Tune in to learn why most thematic opportunities become attractive at the peak of performance cycle, and how investors are better off focusing on the business fundamentals for long term wealth creation and many other interesting insights.
Hi, on this ninth episode of insider investing. I welcome back Vaibhav, who is just recovering from COVID by the way. And he talks about a cautionary note when it comes to investing in 2022, we also discuss a very interesting concept of a clash of civilization that's happening in the investing world right now. To find out more, watch, listen to the rest of this episode.

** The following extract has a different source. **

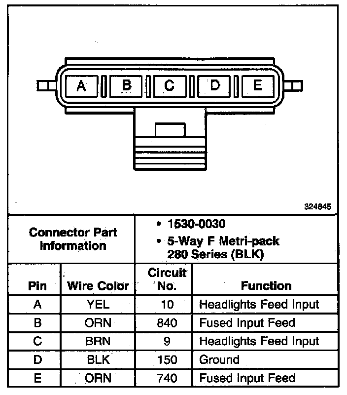 Headlamp Opening Door Actuator Control Module Connector C1

Sandeep: Hi Vaibhav, welcome back to insider investing. 2022 started off with a big bang and not necessarily in a good way. Right? We've seen a massive sell-off in growth and innovation economy stocks, as they are now called, I was looking at prices of Peloton, which is this home fitness gear company. That's apparently down from $120 to $27, your Ark Innovation ETF, which some of us called the rocket ship of 2021 has lost $14 billion in size. And even the NASDAQ index is down 10%. And it's an interesting time in investing because you feel like there's a clash of civilizations that is playing out in front of our eyes. On one side, you have the Warren buffets style old world, boring, fundamental analysis driven investing.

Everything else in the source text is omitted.